In the overall analysis of studies examining the supplementation effect of vitamin D on IR, the diabetic with vitamin D treatment group showed significantly improved insulin resistance across multiple categories. However, there was significant heterogeneity between trials in the analysis of insulin resistance (I2 = 86.7%, P < 0.05) and insulin (I2 = 91.3%, P < 0.05).

Serum insulin (standard mean difference [SMD] = -0.265; 95% CI, -0.394 to -0.136, P < 0.05), glucose (SMD = -0.17; 95% CI, -0.301 to -0.039, P < 0.05), and homoeostasis model assessment-insulin resistance (HOMA-IR) (SMD = -0.441; 95% CI, -0.582 to -0.3, P < 0.05) all showed improvement when treated with vitamin D supplements compared with the routine treatment group.

Twenty articles were included in the meta-analysis to examine the correlation of vitamin D with insulin, glucose, and HOMA-IR in type 2 diabetes mellitus (T2DM). Results indicated that all 3 outcomes were significantly correlated in a negative manner with raised vitamin D (insulin: r = -0.08; 95% CI, -0.12 to -0.04; glucose: r = -0.06; 95% CI, -0.11 to -0.01; HOMA-IR: r = -0.08; 95% CI, -0.09 to -0.06). This suggests that increasing serum vitamin D levels can alleviate and inhibit the development of IR to a certain extent, the researchers wrote.

There was significant heterogeneity observed in the correlation between vitamin D and the 3 main markers (insulin: I2 = 93.7%, P < 0.05; glucose: I2 = 77.0%, P < 0.05; HOMA-IR: I2 = 89.5%, P < 0.05). These results indicate that the relationship of vitamin D status and markers of T2DM and HOMA-IR specifically are not independent of other variables, the investigators determined.

There were no published studies in the meta-analysis that were specifically designed to assess the safety and efficacy of long-term and mega-dose vitamin D administration to reduce risk factors of T2DM, and therefore, no firm conclusions can be drawn on the effectiveness of vitamin D on T2DM.

Despite this, the researchers speculated that vitamin D deficiency belongs to a key factor accelerating the development of IR and the risk of hyperglycemia. They added that evidence from long-term, randomized controlled trials is necessary to determine the issue of causality and to evaluate the effectiveness of vitamin D.
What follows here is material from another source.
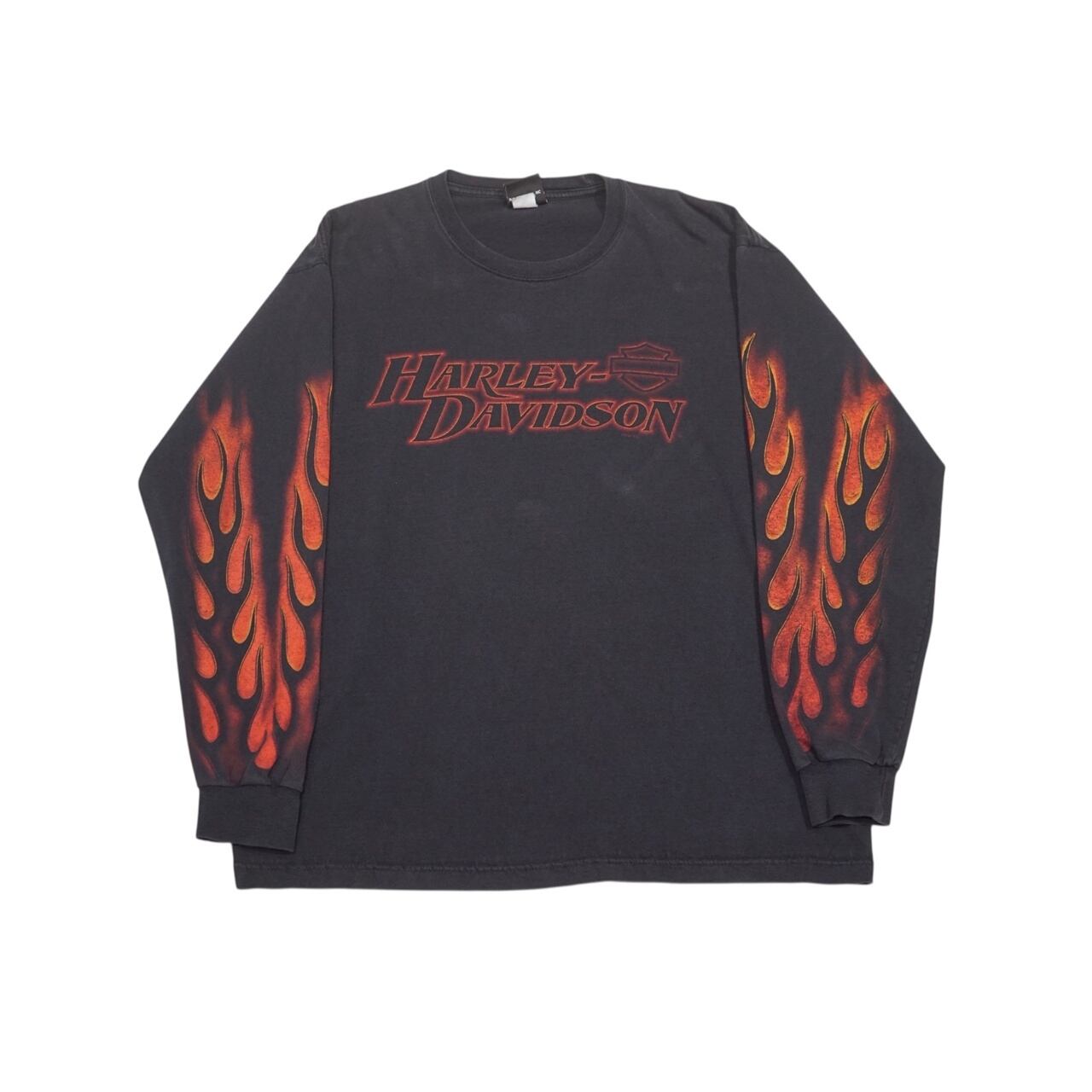 00's Vintage Harley Shirt Grand Teton Flame L/S【XL】

According to the study authors, the major strength of the analysis was the gathering of research articles through a systematic search, though they could not rule out the possibility of confounding factors—such as patient characteristics and plasma vitamin D levels—which are the main limitations.

“Vitamin D supplementation is expected to be integrated into conventional medical approaches as a promising adjuvant therapy for T2DM patients and to mitigate the burden of diabetes for individuals and society,” the study investigators concluded.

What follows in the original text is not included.